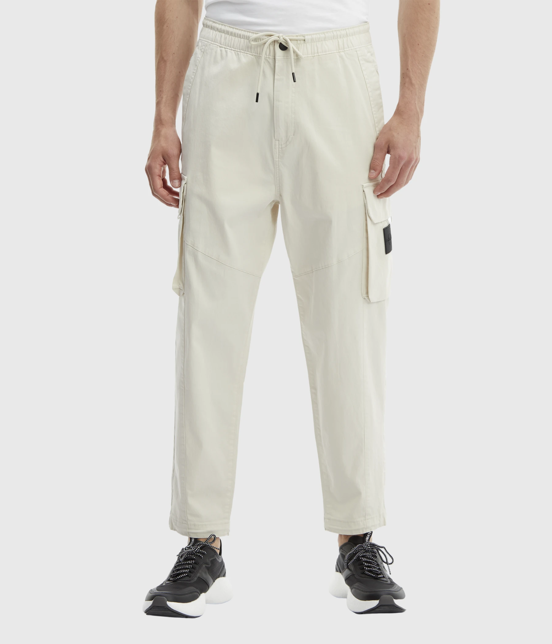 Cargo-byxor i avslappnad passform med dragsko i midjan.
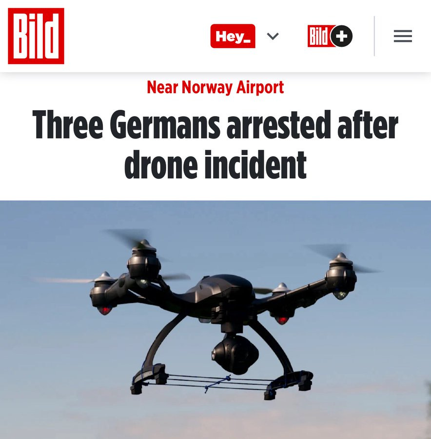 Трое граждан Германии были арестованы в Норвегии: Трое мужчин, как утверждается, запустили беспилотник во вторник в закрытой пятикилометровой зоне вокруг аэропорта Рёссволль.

....................

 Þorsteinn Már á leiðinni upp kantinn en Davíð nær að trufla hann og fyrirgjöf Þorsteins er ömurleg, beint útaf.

....................

From the records above, give again only the part that opens with the line containing "Cargo-byxor i avslappnad" and closes with the line containing "Трое граждан Германии". Keep both ends but drop the pictures.

 Cargo-byxor i avslappnad passform med dragsko i midjan.
 Трое граждан Германии были арестованы в Норвегии: Трое мужчин, как утверждается, запустили беспилотник во вторник в закрытой пятикилометровой зоне вокруг аэропорта Рёссволль.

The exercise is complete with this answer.